Scientists at the Indian Institute of Astrophysics, Bangalore, an autonomous institute of the Department of Science and Technology, have demonstrated that the newly launched James Webb Space Telescope (JWST) is sufficiently powerful to detect the transit signal of exomoons in the photometric light curves of moon hosting exoplanets.
Professor Sujan Sengupta and his graduate student Suman Saha have developed an analytical model that uses the radius and orbital properties of the host planet and its moon as parameters to model the photometric transit light curve of moon-hosting exoplanets by incorporating various possible orientations of the moon-planet-star system.
The co-alignment or non-coalignment of the orbits of the planet and the moon are used as parameters (using two angular parameters), and they can be used to model all the possible orbital alignments for a star-planet-moon system. Using these generic models and the analysis of photometric transit light curves of exoplanets that is being obtained by JWST, a large number of exomoons can be detected in near future. According to the researchers, an exo-moon around a gas giant planet like Jupiter in the habitable zone of the host star where temperature is appropriate for water to exist in liquid state may harbour life. Under favourable alignment of moon-planet-star, such exomoon may also be detected by JWST. The research has been accepted for publication in The Astrophysical Journal, which is published by the American Astronomical Society (AAS).
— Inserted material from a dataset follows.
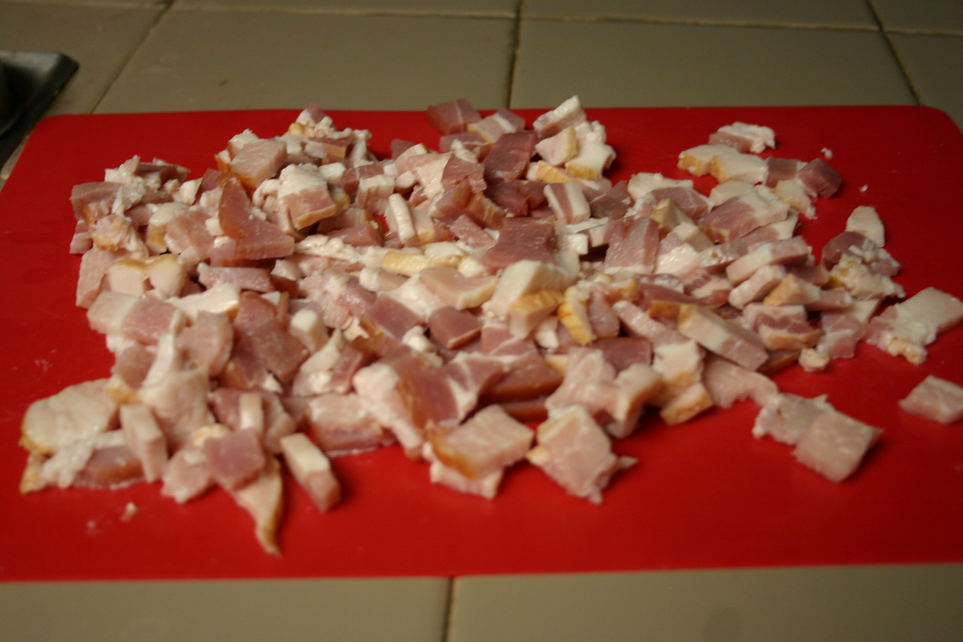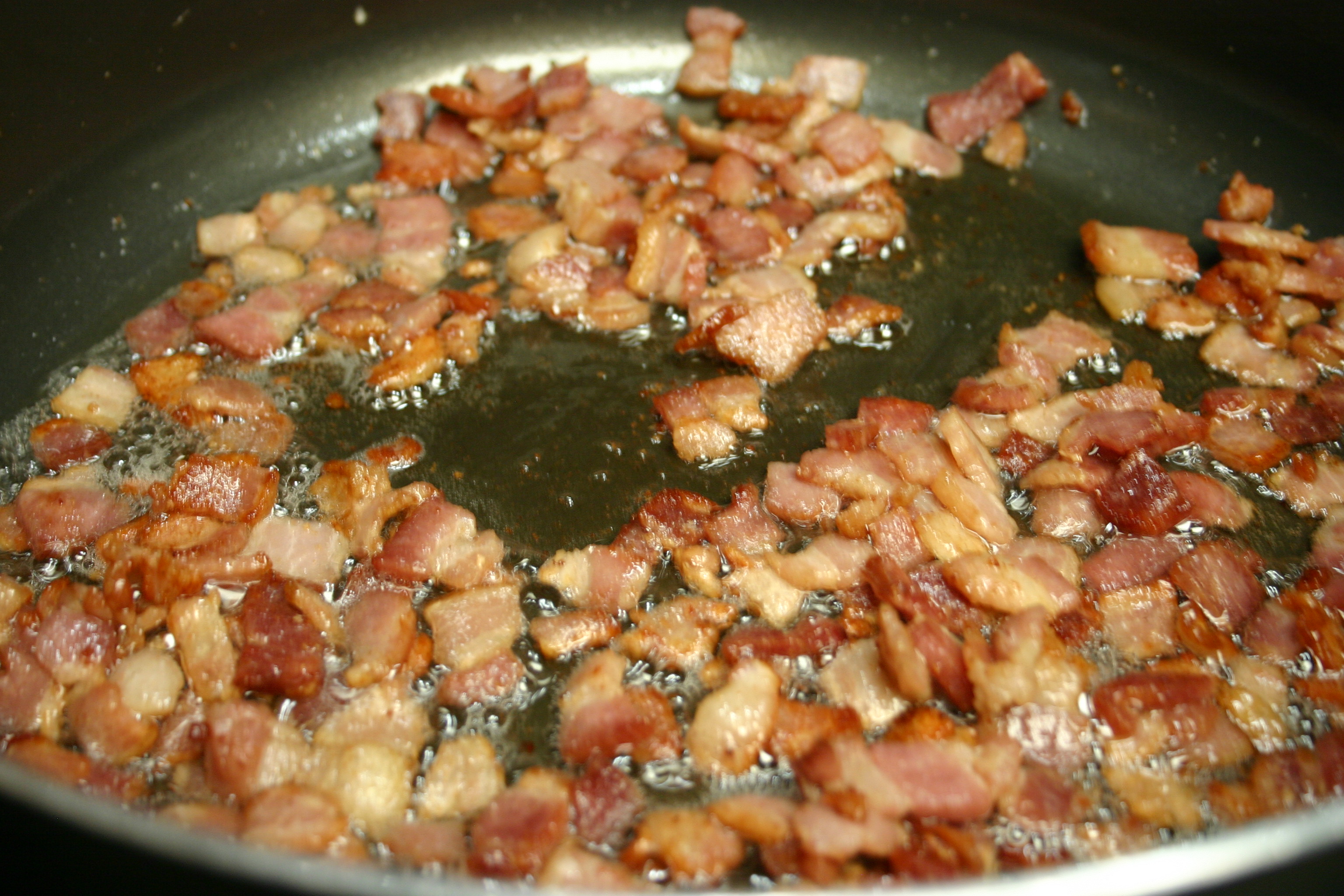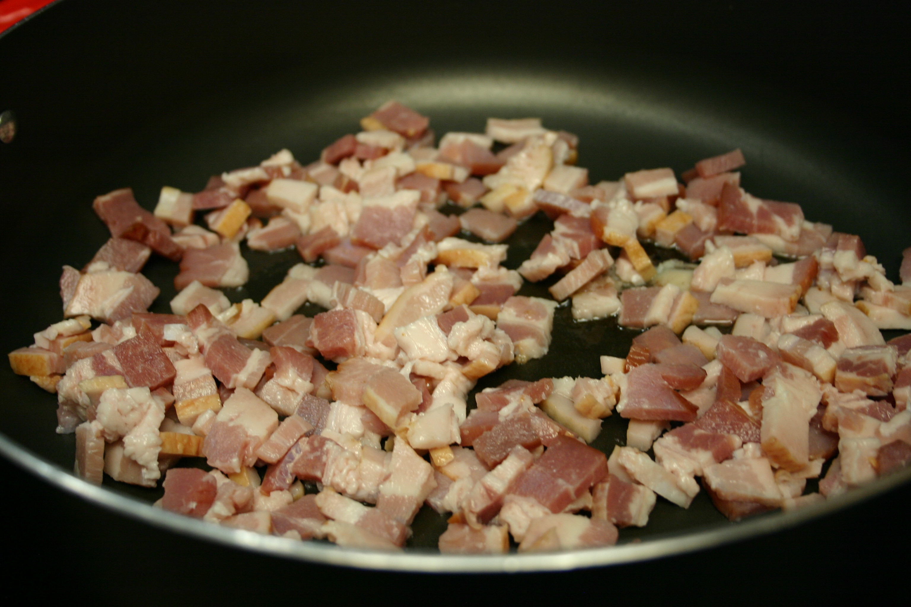 Stack the bacon together, cut in thirds lengthwise, then dice the strips into pieces. Heat a large skillet over medium heat. Fry bacon pieces until crisp, stirring as needed for even cooking. Move bacon to paper towels to drain. Leave all but a tablespoon or so of bacon grease in the skillet.

11-Jan-2018: James Webb Space Telescope successfully completes critical testing
NASA’s James Webb Space Telescope the world’s premier infrared space observatory of the next decade — has successfully completed critical testing in a massive thermal vacuum chamber, enabling it to function properly in the extremely cold and airless environment in space in 2019.
The James Webb Space Telescope (JWST) is the largest space telescope ever built. It is an international collaboration of about 17 countries including NASA, European Space Agency (ESA) and the Canadian Space Agency (CSA). When it is launched in 2019, it will be
the world’s biggest and most powerful telescope.
It features a 21.3-foot-wide primary mirror made up of 18 adjustable gold-coated segments. Webb Telescope is a barrier-breaking mission for engineers and astronomers that will help solve mysteries of our solar system, look beyond to distant worlds around other stars, and probe the mysterious structures and origins of our universe and our place in it.
Webb telescope arrived at NASA's Johnson Space Centre in Houston in May 2017, where it underwent critical cryogenic testing for nine months inside Chamber A, a massive thermal vacuum chamber at the centre. On July 10, the cryogenic testing of the telescope began. During approximately 100 days in the chamber, Webb was put through a series of tests designed to ensure the telescope functioned as expected in an extremely cold, airless environment akin to that of space.
Scheduled for launch in the spring of 2019 aboard a European Ariane 5 rocket, the gamut of tests ensured that Webb will safely reach its orbit at Earth's second Lagrange point (L2) and be able to successfully perform its science mission.
When it is launched into space it will be able to peer back in time 3.5 billion years, teaching us more than ever before about the start of the universe. The telescope will be used to look back to the first galaxies born in the early universe more than 13.5 billion years ago, and observe the sources of stars, exoplanets, and even the moons and planets of our solar system.